What is required:
The lines from the one containing "Vestidos y listos" through the last line below, both ends included, must be reproduced exactly, with no pictures.
[[ Supplied information open ]]
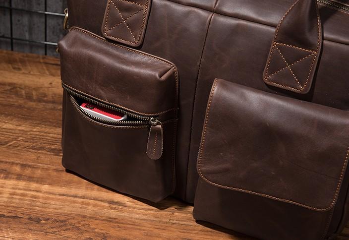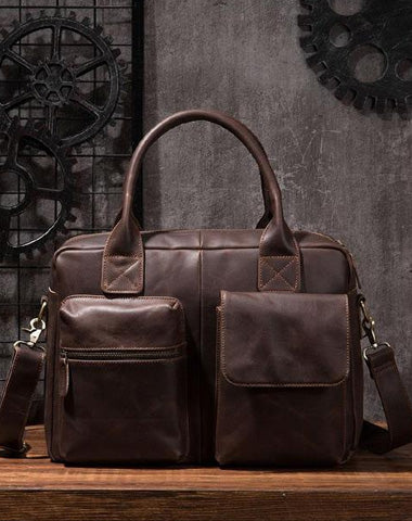 Design: Cool Coffee Leather Mens Briefcase Work Handbag Laptop Bag Business Bag for Men
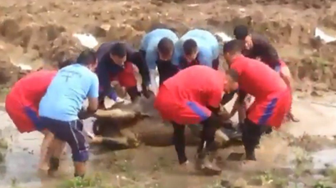 Vestidos y listos para salir a la cancha, el grupo vio como una vaca que estaba cerca de la cancha se había atorado en el barro y que estaba moribunda.
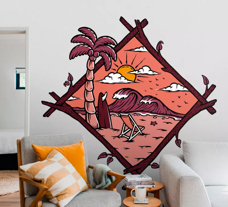 Este vinilo naturaleza escena de playa tropical es una maravilla visual que captura la esencia de un atardecer en la playa. Con un diseño que incluye un sol radiante, un tablista disfrutando de las olas y una relajante silla de playa bajo la sombra de palmeras, este dibujo evoca la tranquilidad de un paraíso tropical. Las montañas al fondo añaden un toque de majestuosidad a la escena, creando un ambiente perfecto para relajarse y desconectar.
[[ Supplied information closed ]]
Solution:
 Vestidos y listos para salir a la cancha, el grupo vio como una vaca que estaba cerca de la cancha se había atorado en el barro y que estaba moribunda.
 Este vinilo naturaleza escena de playa tropical es una maravilla visual que captura la esencia de un atardecer en la playa. Con un diseño que incluye un sol radiante, un tablista disfrutando de las olas y una relajante silla de playa bajo la sombra de palmeras, este dibujo evoca la tranquilidad de un paraíso tropical. Las montañas al fondo añaden un toque de majestuosidad a la escena, creando un ambiente perfecto para relajarse y desconectar.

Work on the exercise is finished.